SPICE Compact Model for an Analog Switching Niobium Oxide Memristor

Abstract

In this paper, we present a compact SPICE model of an analog switching memristive device based on niobium oxide and investigate the functionality of the same as a synapse element through its compact model by utilizing it in a simulation of an 8x8 resistive crossbar array. Considering especially the von Neumann bottleneck for neural network computing tasks, memristive crossbar arrays offer a potential in-memory computing solution performing highly parallel matrix-vector multiplication and reducing the energy consumption. In particular, multi-level switching memristive devices with intrinsic self-compliance are predestined for crossbar operations. Based on experimental results of a bi-layer Ti/Al2 O3/Nb2O5/Ti stack, a compact physical model was recently derived, assuming an underlying Poole-Frenkel emission mechanism. High model accuracy in terms of I-V behaviors, dynamic route map and power exponent plots were demonstrated by fitting the nonlinear I-V relation and the state function to measurement data, verifying analog gradual switching for the voltage driven extended memristor.

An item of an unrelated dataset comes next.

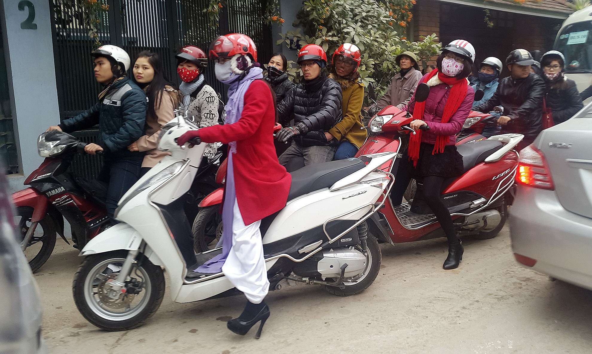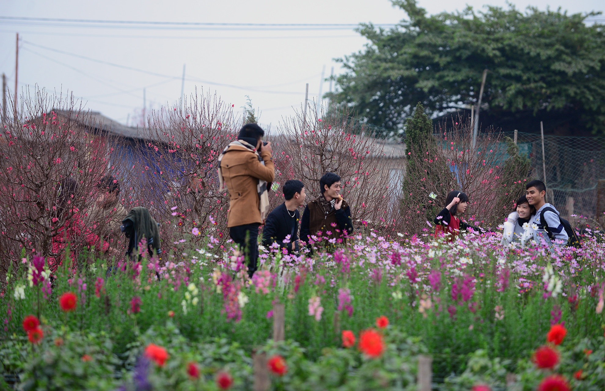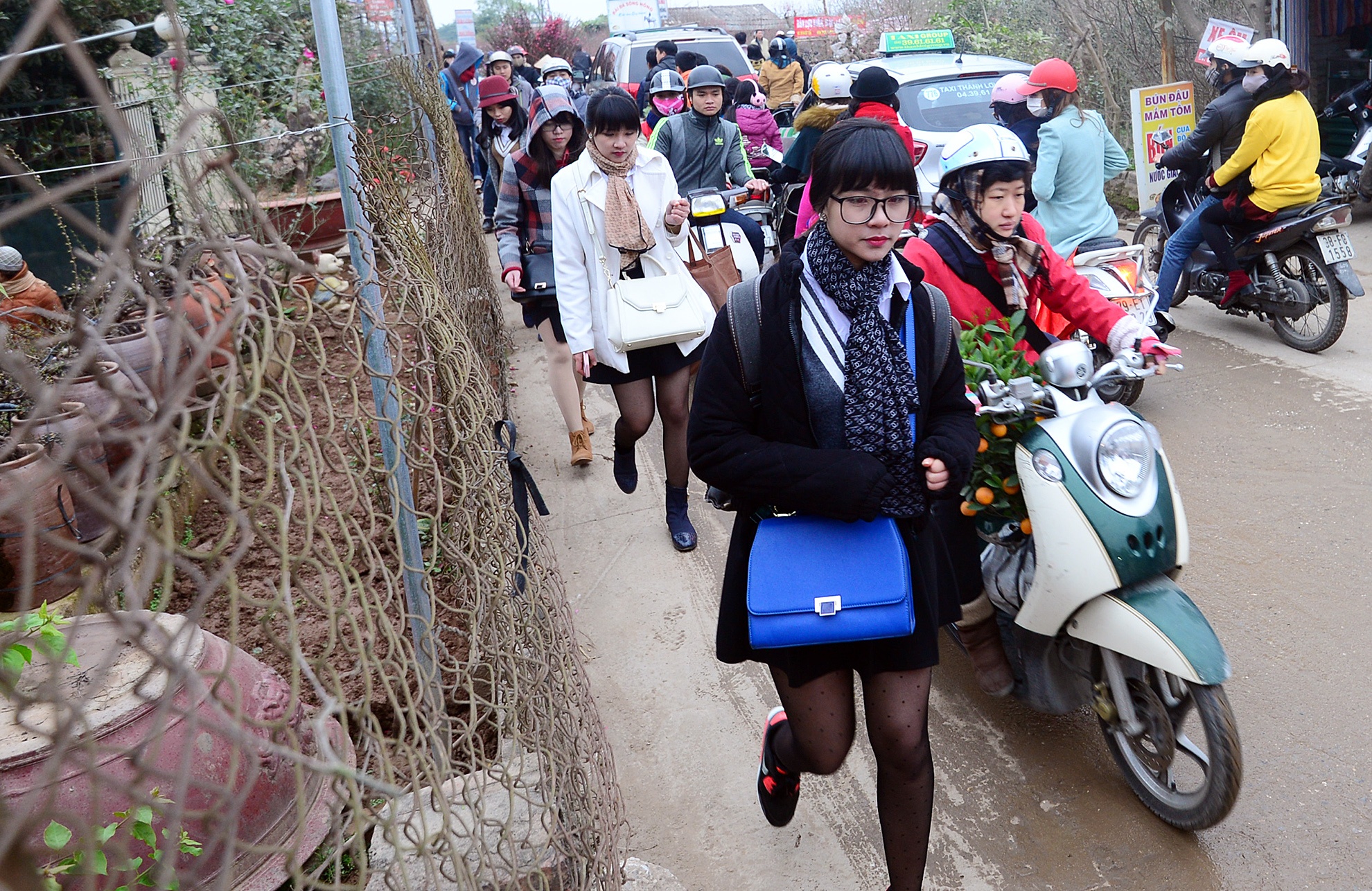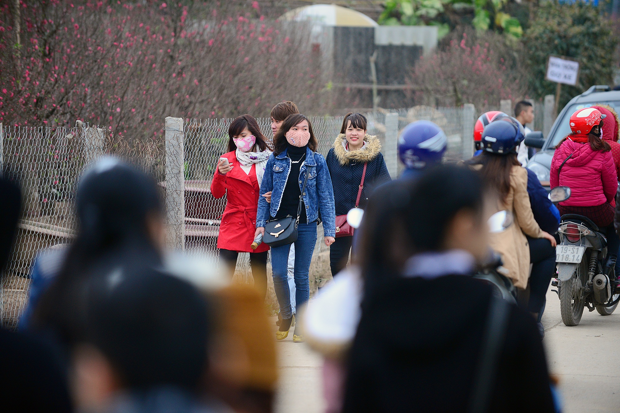 | Hai ngày nay Hà Nội lạnh buốt 13 độ C không ngăn cản được sự háo hức đón không khí xuân của các cô gái. |

In this paper the SPICE implementation for the core memductance accompanied by a parallel and series resistor is introduced and its application for sense analysis via analog and multi-memristor circuit exploitation is presented. Adopting the SPICE model, the switching dynamics is investigated and discussed for performing synaptic potentiation and depression behavior in a potential crossbar application.